Challenges and future trends
India’s telecom security challenge is not only about putting the right controls in place, but also making them effective at the national scale. One pressure point is network scale and operational complexity. As the coverage expands and new access models are added, the number of assets that must be inventoried, monitored, patched and secured keeps rising, which makes consistency hard to sustain day after day. A second pressure point is telecom-enabled fraud and identity misuse. Telecom identifiers are embedded across digital services, so weaknesses in validation, onboarding or misuse detection quickly spill over into financial fraud and broader cybercrime. A third pressure point is the supply chain and configuration risk. As networks become more software-defined and interface-heavy, insecure defaults, weak change controls and compromised components can have a wider impact, faster. Tackling these challenges before moving on to newer technologies is a must.

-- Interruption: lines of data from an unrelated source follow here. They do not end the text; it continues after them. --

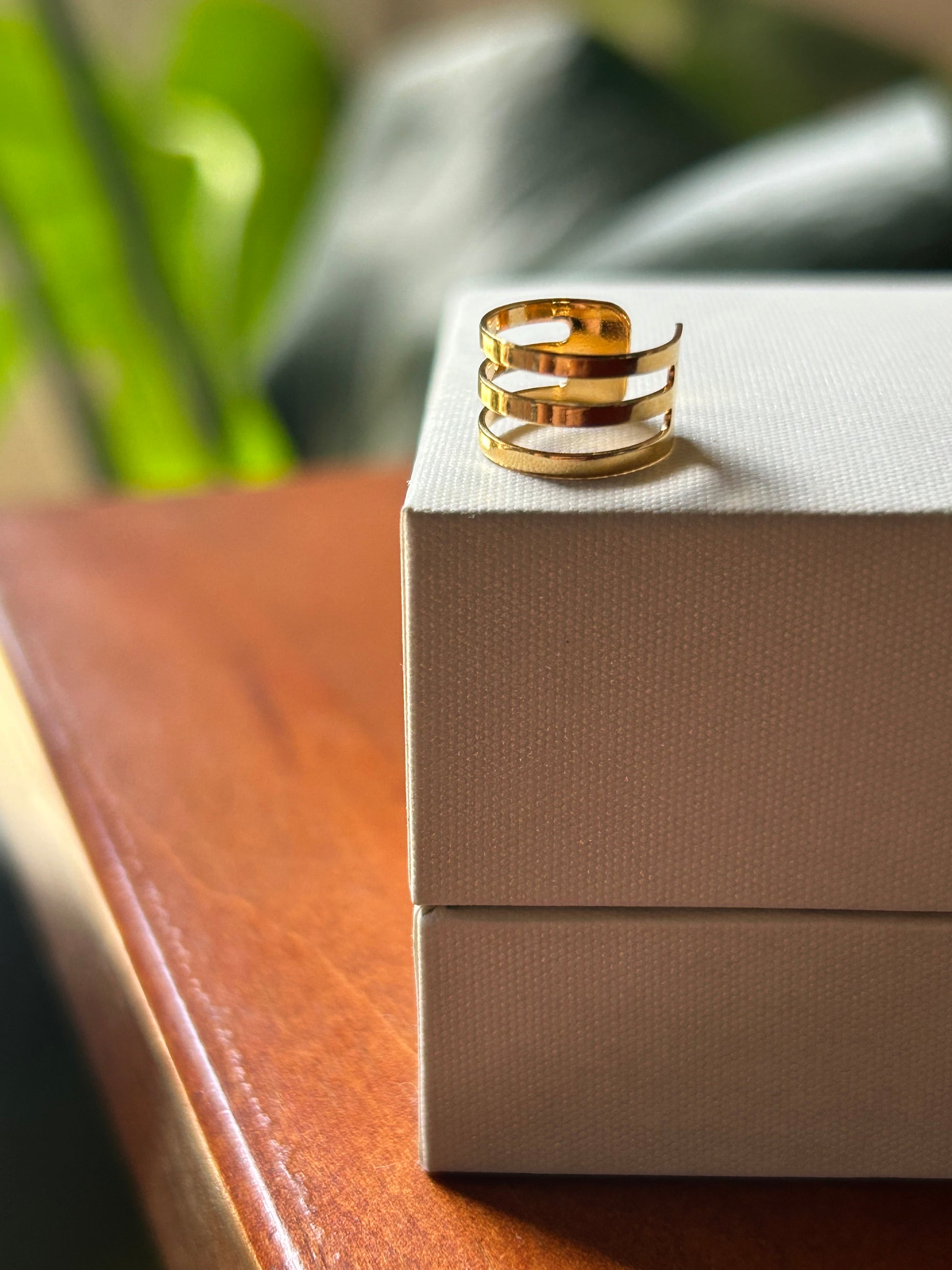 Ear cuff triple línea unida. Aleación metálica con alto baño de oro 18k de 5 milésimos para alta duración.
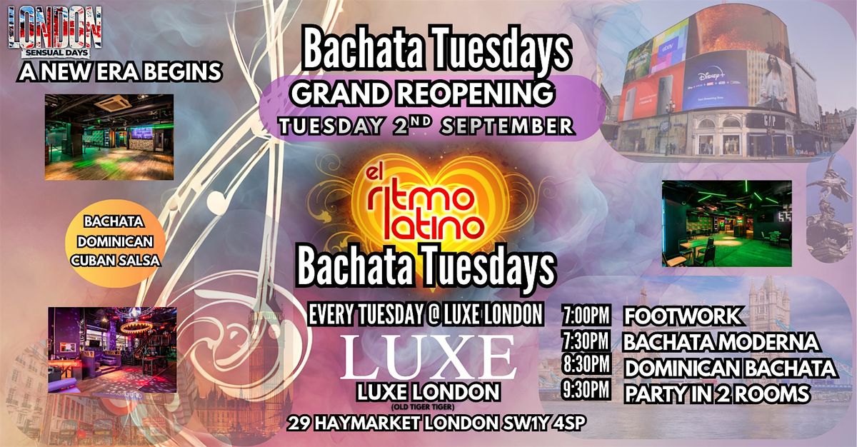 Bachata Tuesdays is London’s longest-running weekly Bachata night, now in its new home at LUXE LONDON (Old Tiger Tiger), 29 Haymarket, London SW1Y 4SP
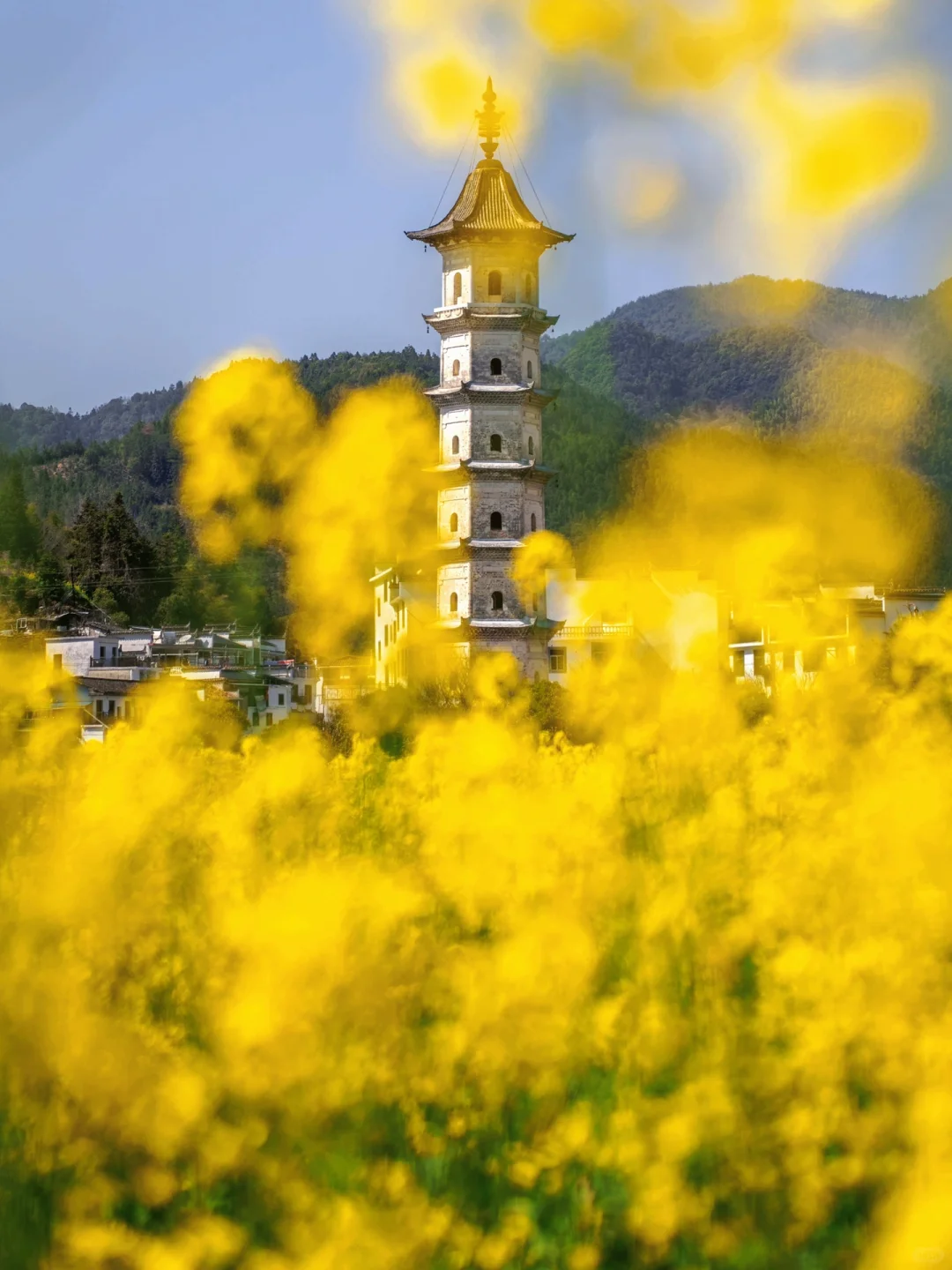 ❶凤山村:来金庸先生的祖居地~这里的百年古塔配上成片的油菜花,怎么拍都好好看~
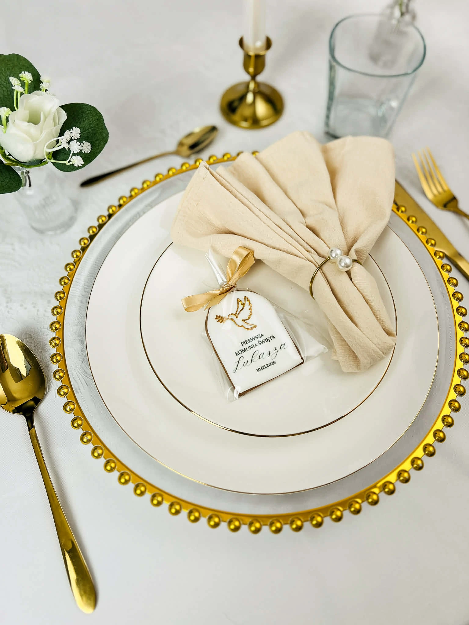 Podkreśl wyjątkowość Pierwszej Komunii Świętej subtelnym i eleganckim upominkiem. Nasz tradycyjny piernik komunijny to uniwersalny wybór, który zachwyca precyzją wykonania. Delikatna forma oraz starannie wykonane zdobienia nawiązują do symboliki tego wyjątkowego dnia. To subtelny gest wdzięczności dla gości, który dzięki swojej estetyce staje się integralną częścią uroczystej oprawy i piękną pamiątką tej szczególnej chwili.
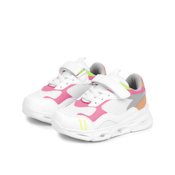 Кроссовки Pasito подошва с огоньками с разноцветными вставками с липучкой белые
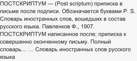 P.P.S.-пост-постскриптум, запись после постскриптума, ну ещё не всё передали что хотели!
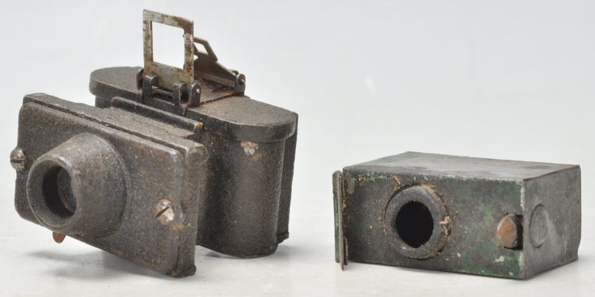 A vintage 1930's Merlin Subminiature 'Spy' Camera. British made, metal bodied with a black textured finish, together with accessory.
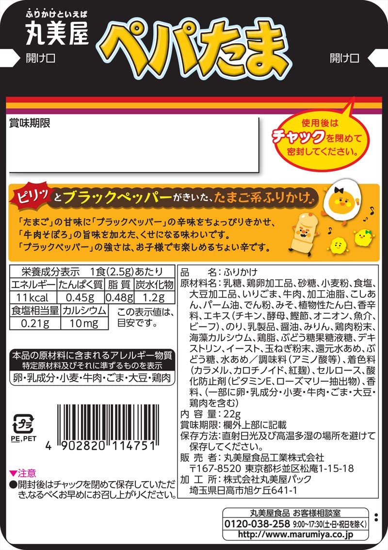 商品紹介ピリッとブラックペッパーの効いた、たまご系ふりかけです。 「たまご」の甘味に「ブラックペッパー」の辛味をちょっぴり効かせた大人味覚の味わいが楽しめます。 ご家庭で、大人から子供まで、みんなで楽しめるちょい辛な味わいです。 小容量タイプのふりかけです。原材料・成分乳糖、鶏卵加工品、砂糖、小麦粉、食塩、大豆加工品、いりごま、牛肉、加工油脂、こしあん、パーム油、でん粉、みそ、植物性たん白、香辛料、エキス(チキン、酵母、鰹節、オニオン、魚介、ビーフ)、のり、乳製品、醤油、みりん、鶏肉粉末、海藻カルシウム、鶏脂、ぶどう糖果糖液糖、デキストリン、イースト、玉ねぎ粉末、還元水あめ、ぶどう糖、水あめ/調味料(アミノ酸等)、着色料(カラメル、カロチノイド、紅麹)、セルロース、酸化防止剤(ビタミンE、ローズマリー抽出物)、香料、(一部に卵・乳成分・小麦・牛肉・ごま・大豆・鶏肉を含む)
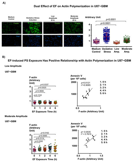 3.4. Dual Effect of Electric Field on F-Actin Polymerization and Corresponding EF-Induced PS Exposure in Cancer Cells Provide Mechanistic Insight into EF-Mediated PS Regulation
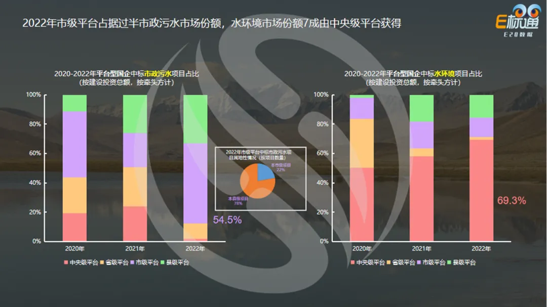 右图是水环境领域平台型国企的中标情况,(近三年)每年所占水环境市场份额最大的为中央级国企,2022年占(平台型国企占水环境占比的)69.3%。
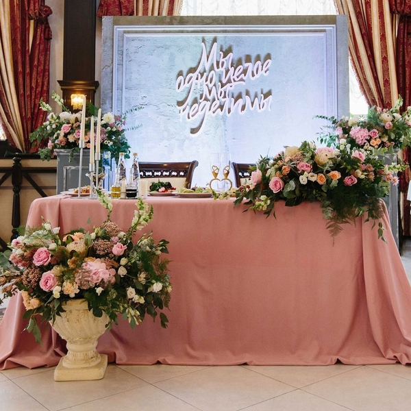 Скатерть прямоугольная на главный стол 350х300 см розовая
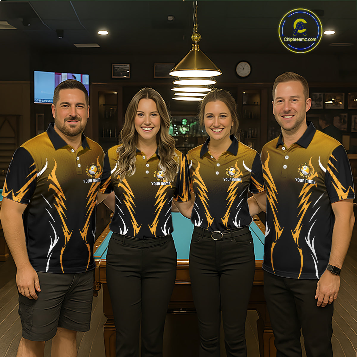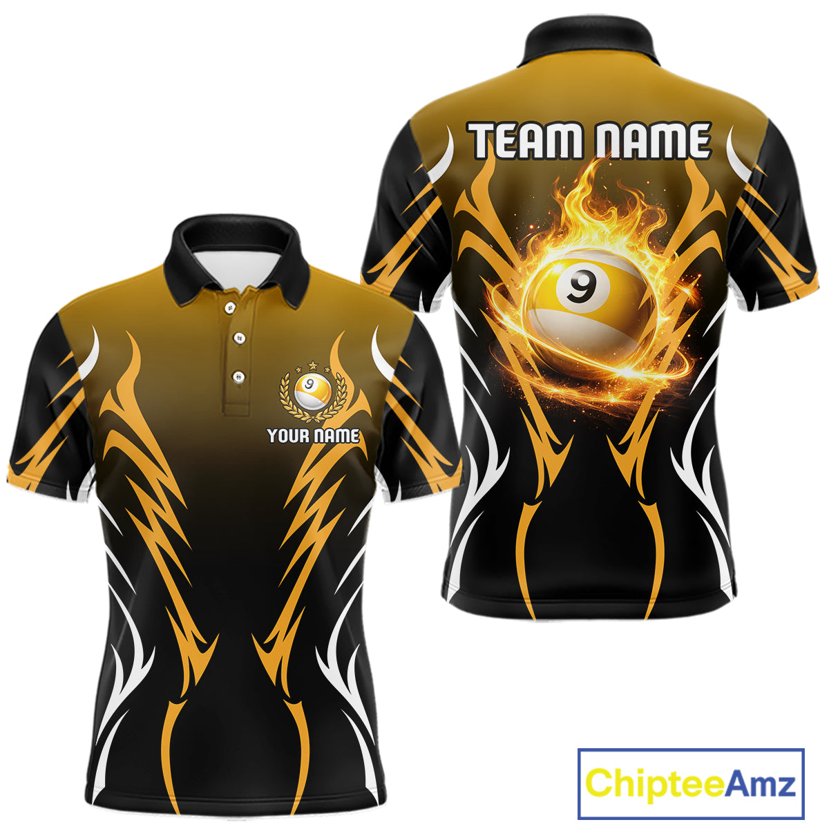 Custom Yellow Flames 8 Ball Men's Billiard Shirts Personalized Billiard Cue Attire Gifts NYN2339

Looking ahead, two trends are likely to strongly shape the security conversation. First, AI will act both as a threat amplifier and as a defence accelerator. AI-driven threats can raise the volume and sophistication of attacks, but AI-led detection and automation can also improve the speed of response if governance and data quality are strong. Second, quantum-era preparation is beginning to enter telecom security planning. Work on identifying quantum-vulnerable cryptographic algorithms in devices and networks is a signal that migration planning towards quantum-safe security is becoming a real consideration, even if it unfolds over time. Overall, the direction of travel is towards continuous assurance. It includes stronger certification and cryptographic baselines for cloudified network functions, converged access security patterns for distributed operations, and more formalised sector-level monitoring and incident response structures. For India’s telecom networks, the goal is not only to stay compliant, but to remain resilient as the digital perimeter keeps expanding.